Repeat the span of the entries below that starts at the line with "星级酒店专用白色鹅绒枕/羽丝绒枕/棉枕(填充物可选)" and ends at the line with "Canesten GYN Combi", nothing more. Skip the pictures.

INPUT DATA:

-=-=-

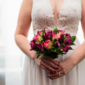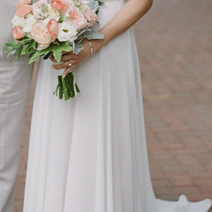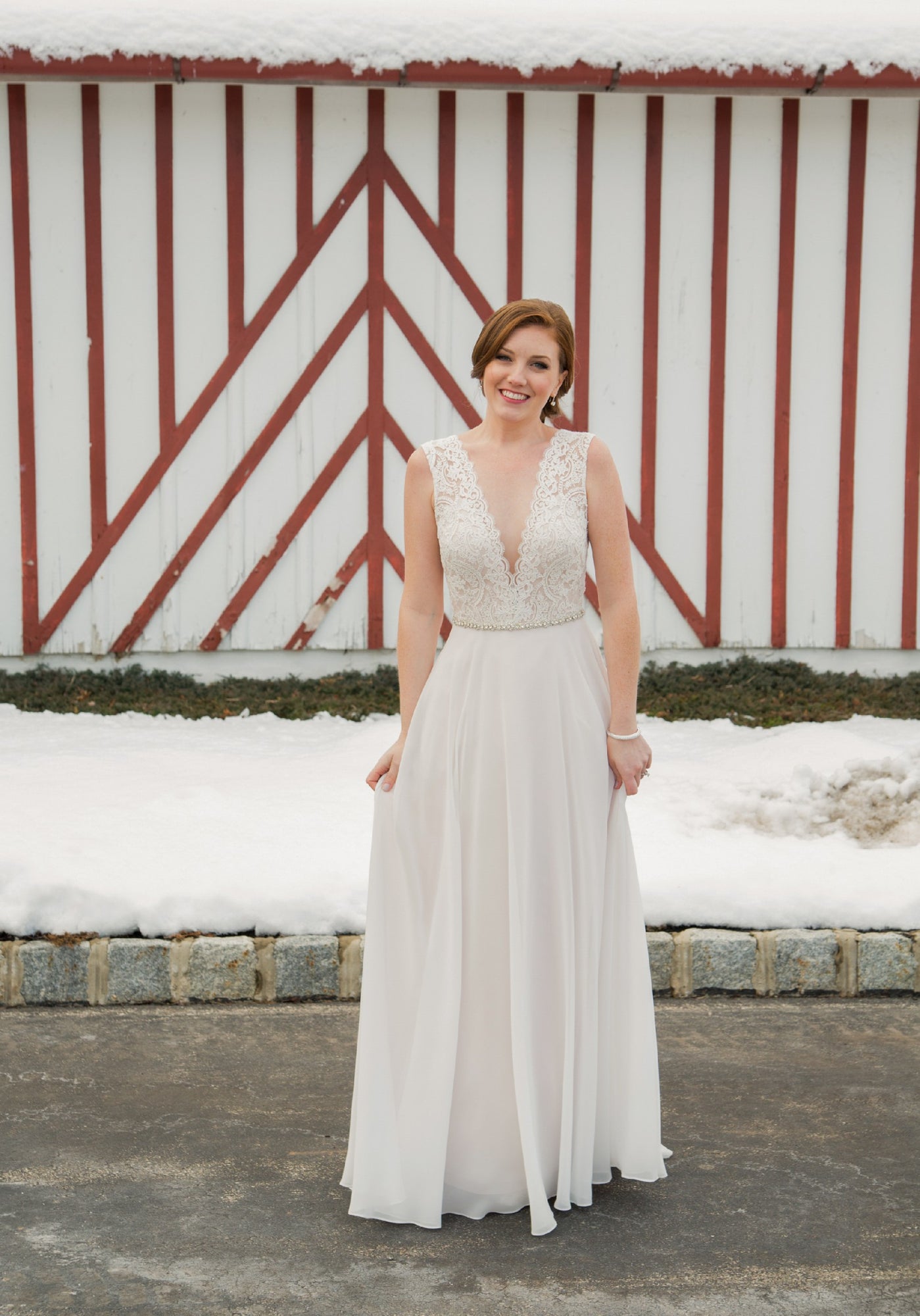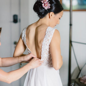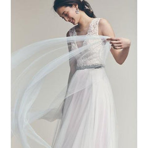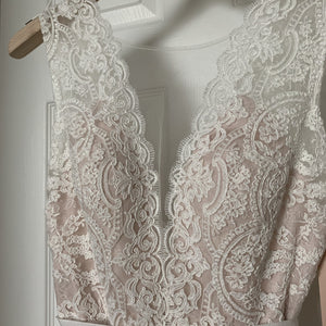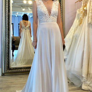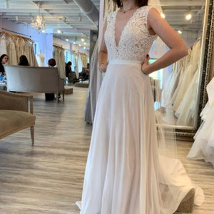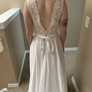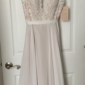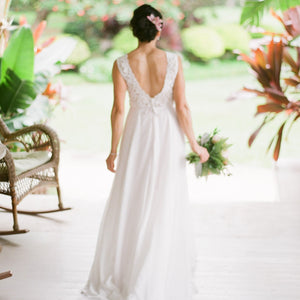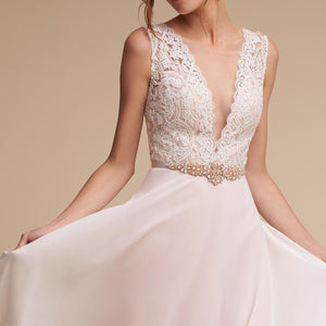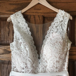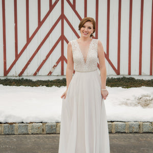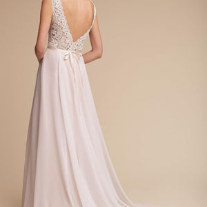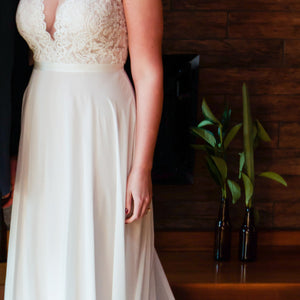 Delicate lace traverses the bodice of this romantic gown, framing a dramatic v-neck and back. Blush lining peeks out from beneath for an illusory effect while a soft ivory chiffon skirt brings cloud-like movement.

-=-=-

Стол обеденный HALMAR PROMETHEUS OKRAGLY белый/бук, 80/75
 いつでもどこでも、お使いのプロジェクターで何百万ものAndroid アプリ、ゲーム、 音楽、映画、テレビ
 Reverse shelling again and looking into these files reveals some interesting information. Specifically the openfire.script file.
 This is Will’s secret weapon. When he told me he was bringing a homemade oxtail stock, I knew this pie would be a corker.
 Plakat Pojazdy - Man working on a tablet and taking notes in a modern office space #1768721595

-=-=-

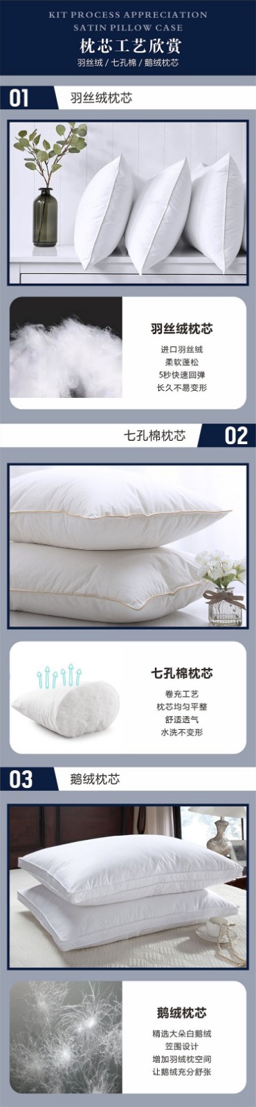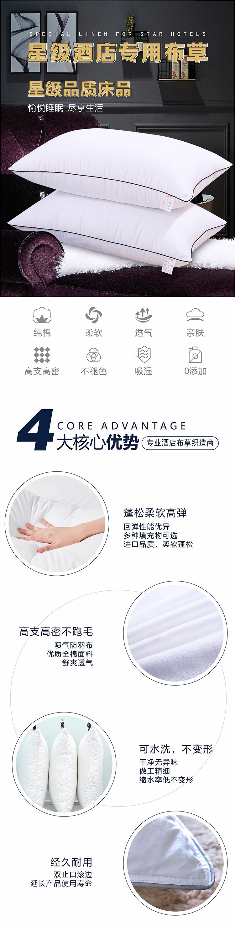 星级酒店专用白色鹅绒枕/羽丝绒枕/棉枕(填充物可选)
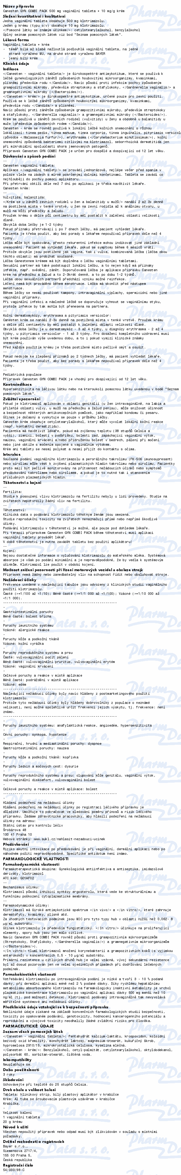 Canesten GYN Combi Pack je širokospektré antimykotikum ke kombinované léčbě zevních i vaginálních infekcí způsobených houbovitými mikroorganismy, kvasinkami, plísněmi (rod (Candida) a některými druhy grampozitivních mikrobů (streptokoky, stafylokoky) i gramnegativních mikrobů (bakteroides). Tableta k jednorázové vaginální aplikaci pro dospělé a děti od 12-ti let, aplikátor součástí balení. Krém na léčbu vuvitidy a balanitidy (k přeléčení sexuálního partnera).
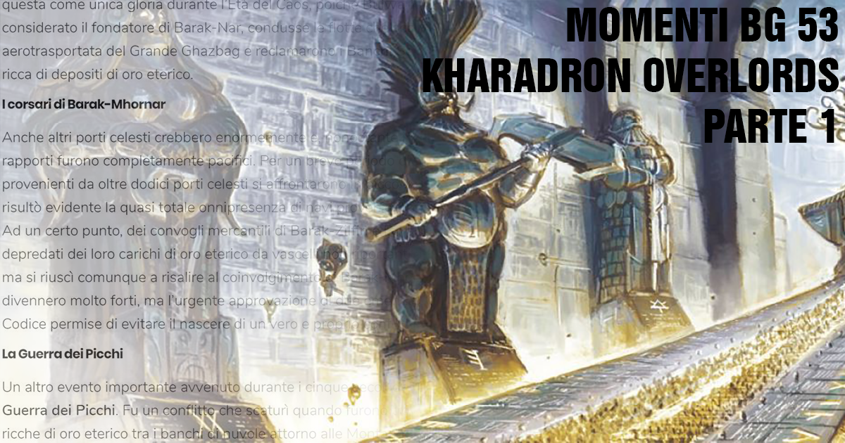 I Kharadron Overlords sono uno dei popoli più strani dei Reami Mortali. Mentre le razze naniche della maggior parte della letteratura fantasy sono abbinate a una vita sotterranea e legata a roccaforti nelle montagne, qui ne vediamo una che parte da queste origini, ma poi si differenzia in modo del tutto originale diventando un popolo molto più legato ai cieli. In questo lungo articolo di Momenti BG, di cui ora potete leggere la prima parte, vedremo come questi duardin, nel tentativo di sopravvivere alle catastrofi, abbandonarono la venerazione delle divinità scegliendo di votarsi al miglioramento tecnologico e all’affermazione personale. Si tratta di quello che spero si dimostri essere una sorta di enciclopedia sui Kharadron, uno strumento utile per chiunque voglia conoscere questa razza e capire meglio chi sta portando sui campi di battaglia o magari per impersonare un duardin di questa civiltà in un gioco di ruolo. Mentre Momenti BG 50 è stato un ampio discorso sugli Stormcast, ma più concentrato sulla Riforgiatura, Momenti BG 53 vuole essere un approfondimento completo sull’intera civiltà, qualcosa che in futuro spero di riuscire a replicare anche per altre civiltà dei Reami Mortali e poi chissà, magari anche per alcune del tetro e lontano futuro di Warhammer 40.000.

-=-=-

OUTPUT FOR THIS TASK:
 星级酒店专用白色鹅绒枕/羽丝绒枕/棉枕(填充物可选)
 Canesten GYN Combi Pack je širokospektré antimykotikum ke kombinované léčbě zevních i vaginálních infekcí způsobených houbovitými mikroorganismy, kvasinkami, plísněmi (rod (Candida) a některými druhy grampozitivních mikrobů (streptokoky, stafylokoky) i gramnegativních mikrobů (bakteroides). Tableta k jednorázové vaginální aplikaci pro dospělé a děti od 12-ti let, aplikátor součástí balení. Krém na léčbu vuvitidy a balanitidy (k přeléčení sexuálního partnera).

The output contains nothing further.